К рыбакам вдоль ручья шли еще двое деревенских. В руках – ветки с еще зеленым крыжовником.
– В саду наломали, – вздохнул Илья Кондратьевич. – Варвары. Десять лет прошло и опять – как с цепи сорвались.
– Слышь, чего он сказал? – тараща глаза, кинул один из мальчишек другому. – Что мы – собаки и нам место – на цепи.
– Зачем вы обломали, он же незрелый еще? – спросил Прохор.
– Все равно все наше будет! – с вызовом ответил парнишка постарше, без переднего зуба.
– Ну пусть. Да зачем же ваше ломать, да еще животом потом маяться?
– Да пошел ты! – мальчишки пустились бегом, щербатый крикнул с полоборота. – Буржуй! Всех вас…
* * *
Кровь, стекая со лба, засохла в морщинах и прочертила на лице старика страшную черную сетку.
Шатаясь и хватаясь руками за стены, он вошел в кухню через заднюю, выходящую на огороды, дверь. Кухарка Лукерья, увидев Корнея, громко ахнула и прижала ладони ко рту.
– Дедушка Корней, что стряслось?! – испуганно вскрикнула ее помощница, дрожащими руками опуская сковороду с поджаркой из сала, лука и моркови мимо стола.
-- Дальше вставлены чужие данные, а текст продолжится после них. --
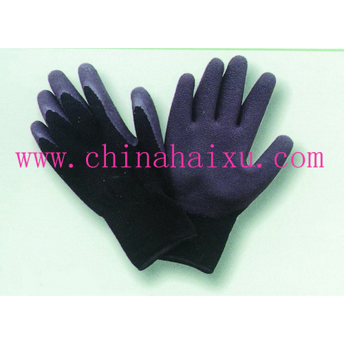 DESCRIPTION: 10-gauge black acrylic knit shell, Black natural latex palm and fingertip coated, foam finish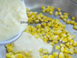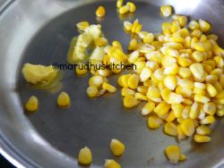 - Now keep a pan add butter and add left over corn and saute for a minute then add the ground mixture to it.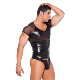 Sassy and seductive this flirty wet look bustier gives you curves that just wont quit. One size runs from small to large range. G-string included.
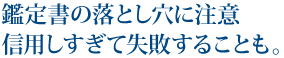 確かにダイヤモンドの品質を証明するためには鑑定書が目安になることには間違いありません。 しかし正確に評価をされていないものや、設備が整っていない会社の発行した鑑定書が数多く出回っています。ダイヤモンドを鑑定した時にグレードが鑑定書より劣っている場合も少なくありません。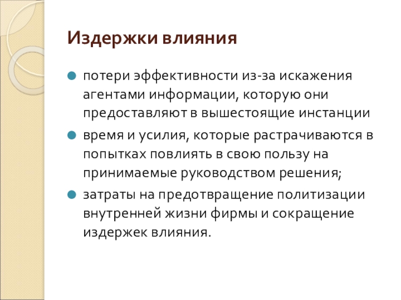 Слайд 25Издержки влияния

Сковорода с грохотом покатилась, жирная горячая масса расползлась по чистому полу. Лукерья не обратила на это никакого внимания, что для всех присутствовавших при инциденте (включая двух кошек и кухонную собачонку) явилось знаком полного и окончательного разрушения привычного порядка вещей.
* * *
Спустя час в конторе состоялось заседание, которое на современный революционный лад правильно было бы назвать оборонным усадебным советом. Присутствовали: помещик Александр Кантакузин, конторщик, агроном, ветеринар, старший конюх Фрол, камердинер Егор, садовник Филимон, кузнец Франц из пленных австрийцев и два лакея. В дверях, прислонившись к притолоке, с очень независимым видом стоял Кашпарек, ответивший отказом на оба предложения Кантакузина: войти в помещение или убираться к чертовой матери.
– Где старик-то? – спросил агроном Дерягин.
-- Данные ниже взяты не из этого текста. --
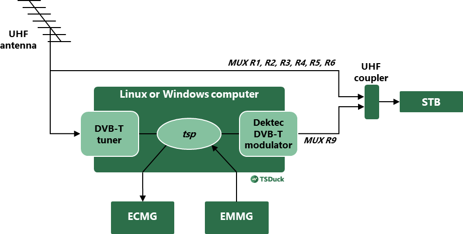 This example is fully described in the TSDuck User’s Guide with all details and corresponding commands.

– Плох он, лежит у меня в дому, – ответил Филимон. – Без памяти почти. Акулина пока за ним ходит. Доктора позвали.
– Что ж там стряслось? Сумел он рассказать?
– Рассказал, – кивнул Александр. – Для того и шел сюда, последние силы тратил. Как я понял, дело было так. Он у знахарки Липы в лесу почасту гостевал – они давние, еще с города знакомцы. И вот к ней прибежала из Торбеевки баба и по доброте предупредила ее, чтоб ушла куда, потому что торбеевские мужики решили разгромить хозяйство лесника Мартына, а это от ее избушки – всего верста с небольшим, и как бы чего не вышло, потому что мужики, как распалятся…
– Да в чем же смысл?! – ветеринар снял синие очки и растерянно взглянул на собравшихся близорукими глазами. – Почему – Мартын?
– Мартын много лет и посейчас препятствует незаконным порубкам, охоте, у крестьян на него давно зуб есть. Дезертиры и агитаторы в деревне воду мутят – говорят: все вам по праву принадлежит, вот-вот закон выйдет, так чего же стесняться? А кто думает иначе, тот – буржуйский прихвостень. Плюс, как я понимаю, всякие почти эфирные материи – чертовщина с Владимиром и оборотная сторона чувства вины: ведь именно в Торбеевке убили когда-то Мартынову дочь. Да плюс слухи и наши местные легенды – на высоте социального помешательства и ожидания невиданных свобод мужикам отчего-то взбрендило: якобы у Мартына в усадьбе, у Филиппа Никитина хранятся пропавшие драгоценности матери Любовь Николаевны или сокровища девки Синеглазки, как они их называют. Так надобно теперь их у безумца отобрать и на всех разделить, как и помещичью землю. И вот, по совокупности всех этих материй и обстоятельств…
– Что ж, теперь понятно…
– Нам нужно определиться не с понятиями, а с действиями на случай, если разгромом лесниковой усадьбы дело не ограничится!
Ветеринар и агроном переглянулись, враз вспомнив и подумав об одном и том же: нынче Александр Кантакузин ведет себя намного уверенней, чем в 1902 году. Что ж – зрелый мужчина, хозяин усадьбы, так и должно быть…
– Но как же вышло, что колдунья все же погибла?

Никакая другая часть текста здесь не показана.